Drawa Block Forest Communities Cooperative

With the Project:
An Indigenous Forest Conservation Programme through Payments of Ecosystems Services

The Drawa forest conservation project aims to reduce carbon dioxide emissions by changing forest management from timber extraction to forest protection. Alternative income opportunities are provided to the indigenous landowners through the sale of certified carbon credits. Furthermore, household participation in beekeeping is supported under a cooperative model. The conservation initiative works towards the conservation of endangered species, diversification of income sources, and increased capability for landowners to operate small enterprises. Watersheds are protected and healthy river systems are maintained, being a high-quality source of drinking water and habitat for aquatic species.

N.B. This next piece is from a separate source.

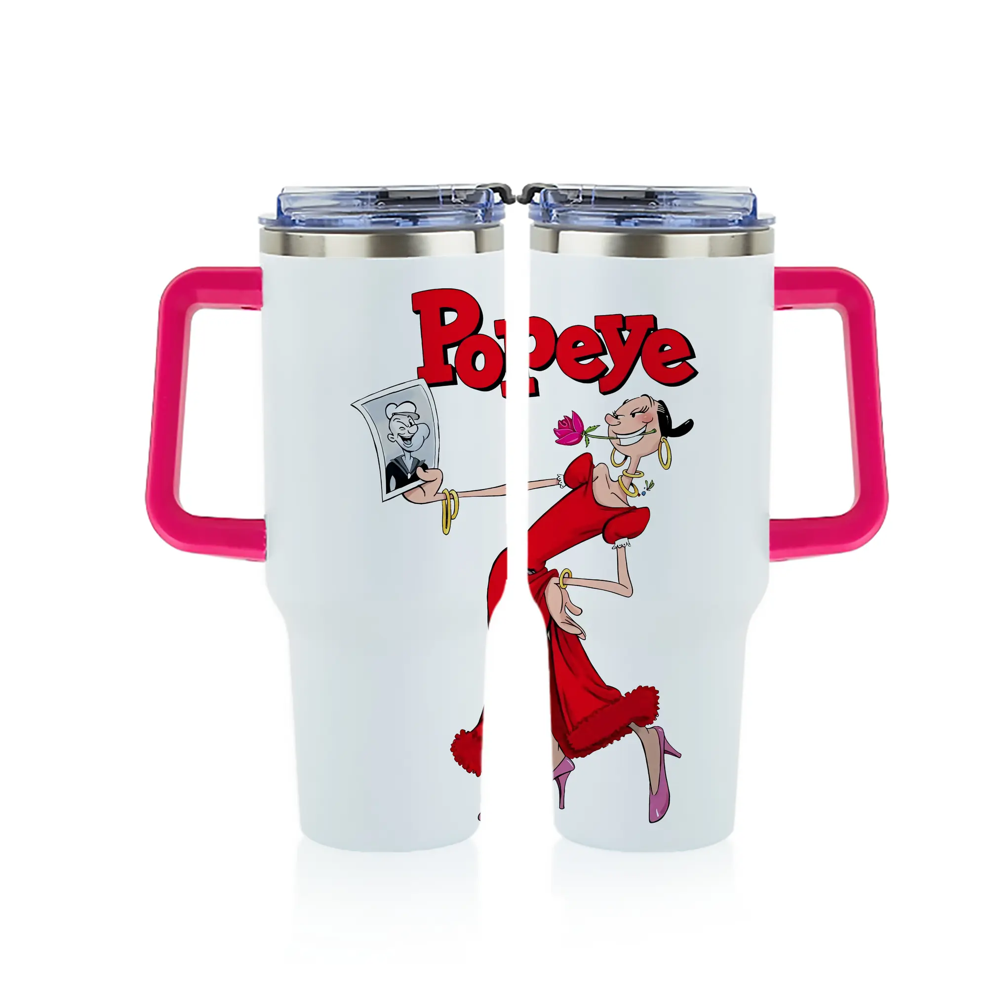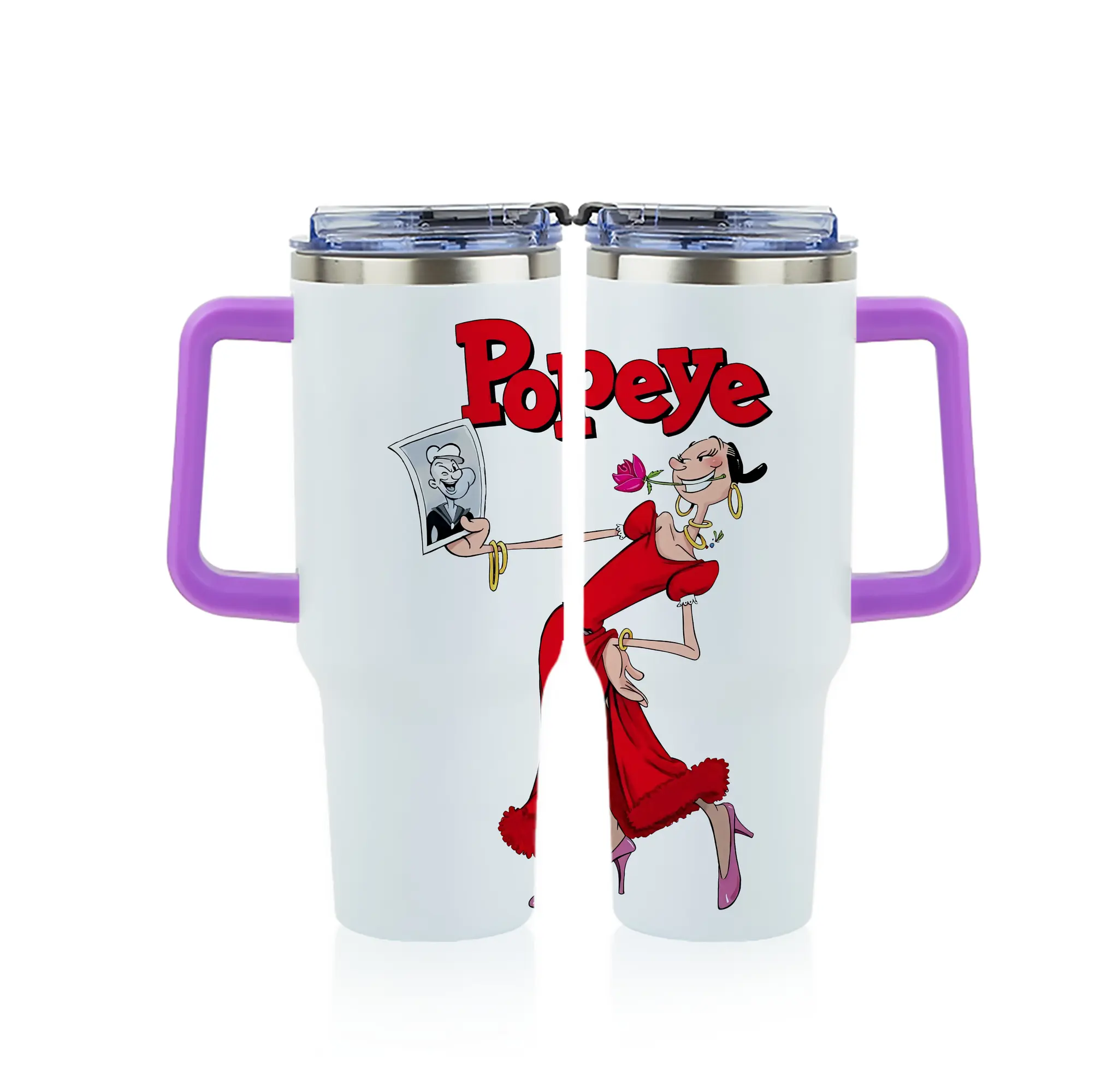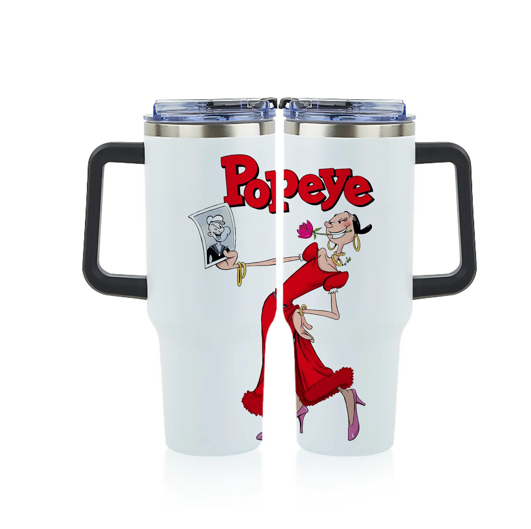ポパイ グッズ オリーブ・オイル - 1200mL フルプリント車用タンブラー ・ 304ステンレス 内側 ・ 201ステンレス 外側 ・ 保温 保冷 ・ 通勤 ドライブ アウトドア用
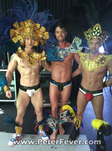Hey crew! I’m here to give you a sneak peek on set of Andrew Christian’s “Blowboy” video. It’s going to be a really hot video featuring Ryan Rose. Sean Zevran. Jacob Ford, Dominic Pacifico. We all wore costumes made of colorful feathers and hot underwear. It’s going to be great but you’ll have to wait and see how it turns out, stay tuned. In the mean time here are some pictures.

Six communities within the Drawa Block, a forest region in Fiji, rely on their natural resources as a source of livelihood. The forest ecosystem and the rivers provide the communities with timber, medicine, vegetables, and fresh fish. However, the communities are facing very limited income-earning opportunities which have plunged them into poverty. Opportunities for economic participation were limited due to the regions’ remoteness as well as a lack of business expertise. Despite the high cultural value of forests, signing up for conventional logging with logging companies has been a common way for communities to earn an income. While logging can provide short-term benefits, it is also highly destructive and unsustainable as it degrades the resource base that supports communities in the long term.


Landowners are provided with an opportunity and incentive to conserve their forest while economic and development activities are implemented. The community members receive complementation through the sale of carbon credits generated from the forest conservation. In other words, the project demonstrates that conservation and community development outcomes could be generated through the emerging opportunity of carbon offset markets.


The project has achieved a high profile as a demonstration of environmental protection, since it is the first forest carbon project registered in Fiji and the second in the Pacific islands. Landowners have been able to generate over 50,000 carbon credits within the first three years of commercial operation and successfully sold 100% of these credits to the private sector at higher than market average prices. The financing model is highly innovative since its ‘fair trade’ approach secures indigenous land and resource rights and returns the majority of benefits to landowners.